As I wrote in my previous email, this solution works but hides the
fact that the page really *has* dirty data in it and *is* pinned in memory
until the commit code gets to writing it. So in theory it could disturb
the writeout logic by having more dirty data in memory than vm thinks it
has. Not that I'd have a better fix now but I wanted to point out this
problem.

Honza
--
Jan Kara <[email protected]>
SuSE CR Labs

2007-12-20 19:25:08

by Linus Torvalds

[permalink] [raw]
Subject: Re: [Bug 9182] Critical memory leak (dirty pages)

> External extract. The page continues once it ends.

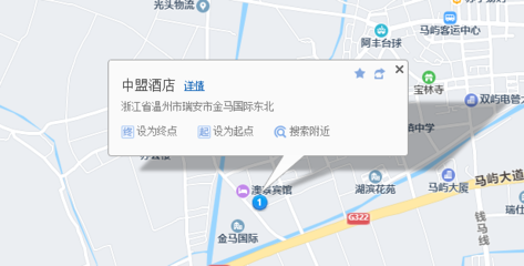 瑞安金马国际中盟酒店位于马陶线与322国道交叉口西140米(金马国际中盟酒店大堂)宾馆酒店南方向11.2582米的位置。

On Thu, 20 Dec 2007, Jan Kara wrote:
>
> As I wrote in my previous email, this solution works but hides the
> fact that the page really *has* dirty data in it and *is* pinned in memory
> until the commit code gets to writing it. So in theory it could disturb
> the writeout logic by having more dirty data in memory than vm thinks it
> has. Not that I'd have a better fix now but I wanted to point out this
> problem.

Well, I worry more about the VM being sane - and by the time we actually
hit this case, as far as VM sanity is concerned, the page no longer really
exists. It's been removed from the page cache, and it only really exists
as any other random kernel allocation.

The fact that low-level filesystems (in this case ext3 journaling) do
their own insane things is not something the VM even _should_ care about.
It's just an internal FS allocation, and the FS can do whatever the hell
it wants with it, including doing IO etc.

The kernel doesn't consider any other random IO pages to be "dirty" either
(eg if you do direct-IO writes using low-level SCSI commands, the VM
doesn't consider that to be any special dirty stuff, it's just random page
allocations again). This is really no different.

In other words: the Linux "VM" subsystem is really two differnt parts: the
low-level page allocator (which obviously knows that the page is still in
*use*, since it hasn't been free'd), and the higher-level file mapping and
caching stuff that knows about things like page "dirtyiness". And once
you've done a "remove_from_page_cache()", the higher levels are no longer
involved, and dirty accounting simply doesn't get into the picture.

Linus

2007-12-20 22:28:40

by Björn Steinbrink

[permalink] [raw]
Subject: Re: [Bug 9182] Critical memory leak (dirty pages)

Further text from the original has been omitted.